The ironic thing about rare earths is they’re not actually that rare.
Not, at least, in terms of their abundance in the earth’s crust in general.
However, the key dynamic in the rare earths market right now isn’t how much there is overall, but instead where these 15 elements are based.
And the salient fact is, China currently dominate the rare earths market in a way that’s virtually unique.
Rough estimates suggest that the nation controls between 55% and 70% of the world’s rare earth supply in terms of production, and that is has an even tighter grip on processing capability.
So, if you’re in the market for rare earths right now, then China has got to be a huge factor.
However, this of course presents a significant problem to Western governments, for many of whom establishing and/or solidifying domestic commodity supply chains is currently a major priority.
Indeed, China-Western relations have undeniably been turbulent in recent years, and in the wars of words and tariffs that have flown between various trading blocs, rare earths often get a mention.
The obvious question, then, is whether China would ever restrict the supply of rare earths into the West?
It hasn’t done so yet.
But it certainly has threatened to do so. And that’s been enough not only to give prices a significant floor, but also to sound alarm bells in the various European and American government departments tasked with keeping the international economy going.
Because rare earths are absolutely crucial in high tech manufacturing.
Neodymium is used in the magnets that are found in loudspeakers, and in computer hard drives; praseodymium is used in aircraft engines and in the manufacture of specialised glass; yttrium, terbium and Europium are used in the manufacture of electronic screens, and Europium is also used in the nuclear industry; lanthanum and cerium are used in the refining of crude oil; and neodymium, dysprosium, and occasionally terbium are used in the magnets that go into electric vehicle batteries and wind turbines.
Rare earths, in short, form a commodity group that is essential to any forward-looking modern economy.
And to many policy-makers, diversifying the source of these metals beyond China is becoming essential to mitigating supply chain risk.
That’s why rare earth projects around the world are increasingly gaining the interest and support of local governments.
Security of supply has re-emerged as a major factor in strategic economic analysis for the first time in several decades, and companies that hold rare earths projects are increasingly likely to find favour with regulators and governments alike.
What’s more, investors are waking up to their potential too.
Still, rare earths remain difficult commodities to focus on, precisely because China’s control over the price remains so strong.
And that’s why companies like Kavango hold rare earth projects in conjunction with other major assets.
Indeed, when pricing is weak, rare earths projects can take a back seat. But when, as is increasingly likely, supply gets constrained, companies with projects already on the go can accelerate them for rapid development.

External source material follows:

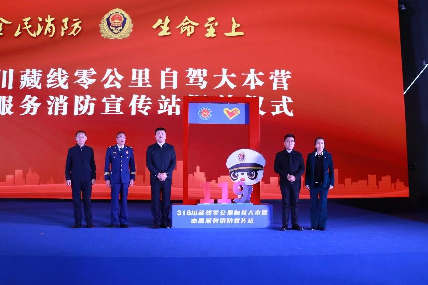 啟動儀式上,與會領(lǐng)導(dǎo)為我市第18個消防志愿服務(wù)宣傳站——318川藏線零公里自駕大本營消防志愿服務(wù)宣傳站揭牌,該站的建立開啟了地標(biāo)打卡地消防宣傳工作新篇章,將更好地為群眾開展消防安全培訓(xùn)服務(wù)、傳播消防安全知識。

In this regard, the Ditau project we operate and own along Power Metal Resources in Botswana is a perfect example.
Ditau was first identified as prospective in the 1970s, and is now the subject of renewed attention under our joint venture.
Our previous exploration has identified seven drill targets, each of which includes a possible carbonatite intrusive body lying within range of reverse circulation drilling.
All the targets are at a depth of 300 metres or less, and one, ‘Target I1’ is a large, intense magnetic dipole which spans 17 kilometres by eight kilometres and lies at a shallow depth just under the Kalahari sands.
As we’ve highlighted in recent announcements, there’s also the potential that Ditau is prospective for other base metals too–not to mention the fact that it’s long been known that niobium occurs on the ground.
So, there’s a lot to play for here, and in Botswana, a country well-known as a safe mining jurisdiction, Ditau is very much a key part of our portfolio as we gear up for drilling.